Tech companies pledge protection of student data

by in Personal Tech.

Adam Berry/Getty Images

Adam Berry/Getty Images

The issue of how to manage student data and privacy as education technology advances is rippling through U.S. states and becoming a growing concern on a federal level. The management of information about children has garnered a brighter spotlight since Edward Snowden’s NSA revelations in June 2013, as well as with parents increasingly concerned about the use of their children’s data for advertising purposes. Even more so as web-based applications and cloud services integrate into educational processes.

California passed a “landmark” student data privacy law in late September, with the legislation itself heralded as one of the most progressive measures enacted to regulate the use of student data.
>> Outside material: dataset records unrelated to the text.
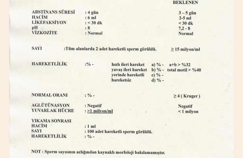 Merhaba şubat ayında eşime özel hastanede yaptırdığımız testlerde eşimin sperm sayısının iyi ancak ileri hareketliliğin çok az olduğunu ve morfolojinin düşük olduğunu öğredik, gittiğimiz doktor ilaçla tedavisinin zor olacağını ve eşimin ameliyat olması gerekiğini söyledi ancak biz başka özel muahenehanesi olan başka doktora daha gittik bize vermiş olduğu 3 aylık hem bitkisel hem ilaç tedavisi ile ilerleme kaydettik, 3 aylık daha tedavi gördükten sonra doktor eşimin değerlerinin normale döndüğünü ve normal gebelik denememizi söyledi ancak olmazsa tüp bebeğe yönlendireceğini söyledi, biz doktorumuzdan çok memnun kaldık en azından 3 aylık tedavi denemekte fayda var doktorumuzun kliniği Gaziantepte Murat Mermerkaya
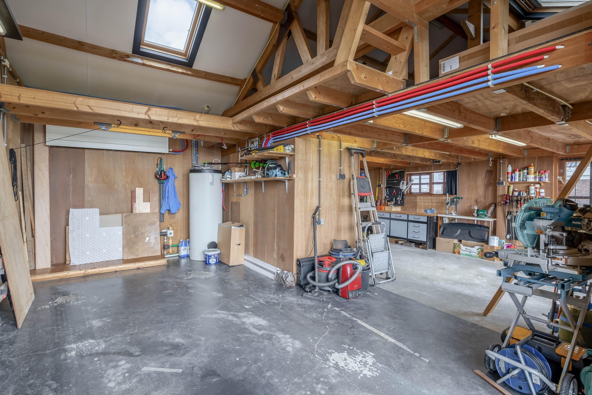 De vrijstaande dubbele garage van circa 47 m² is meer dan alleen een plek voor auto’s. Deze ruimte is volledig uitgerust met elektra, water, een pantry en een eigen douche met toilet. In combinatie met de aanwezige zolder biedt dit volop mogelijkheden voor bijvoorbeeld een zelfstandige ruimte voor kinderen, een gastenverblijf of een combinatie van hobby en werk aan huis.
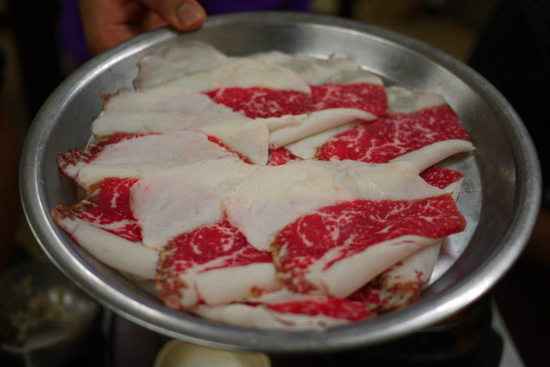 And then, when we were already bursting up, Na Young’s brother brought us some thinly sliced beef brisket called Chadolbagi. It’s a very expensive cut of meat, and it’s very very Korean.
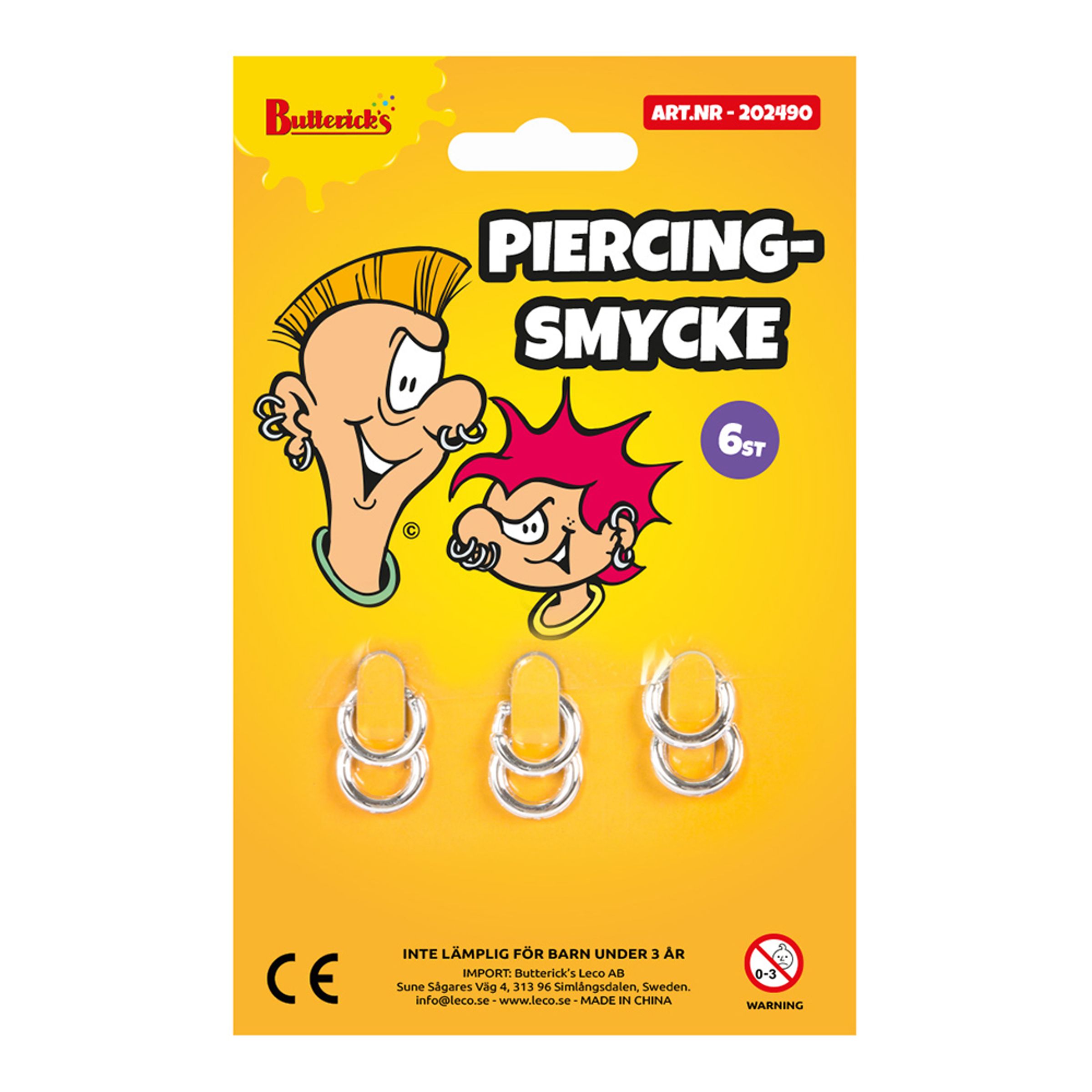 Piercingsmycken säljes med 6st ringar i varje paket och fästes enkelt på valfri ansiktsdel. Passar lika bra till bus som till punkmaskeraden.

The Student Online Personal Information Protection Act (SOPIPA) prohibits technology companies that operate online educational services from using student data and selling it to third parties to target advertising to students. It also prohibits these companies from amassing profiles on students for non-educational purposes.

Source: Bureau of Labor Statistics

Source: Bureau of Labor Statistics

While other states are working on similar legislation, some technology companies themselves have just come forward to pledge their protection of student data and their dedication to ensuring against its use for advertising targeting, etc. The companies on board are comprised of some big names in education tech in the U.S. – Microsoft is among them. The pledge has been drafted in conjunction with the think tank Future of Privacy Forum, and trade group Software & Information Industry Association.

One of the specific measures the pledge prohibits is the one of selling information of students in kindergarten through 12th grade. But privacy advocates are already decrying the pledge as insufficient in the face of widespread misuse of the data of young people on the internet. Indeed, Yelp just settled with the Federal Trade Commission for violating child privacy rules, and Google has been under fire — specifically in California — for potentially violating student data laws as well as wiretap laws. One of the main complaints of privacy advocates is that not enough “big tech” companies (i.e. Google and Apple) have signed on.

The debate will likely rage until state and/or federal laws can catch up to the integration of virtual technologies in school systems. Necessarily, companies like Google will have to be on board to really set parents’ minds at ease. But until then, a mixture of private pledges and public government-based efforts will seemingly have to combine to ensure against children’s data misuse.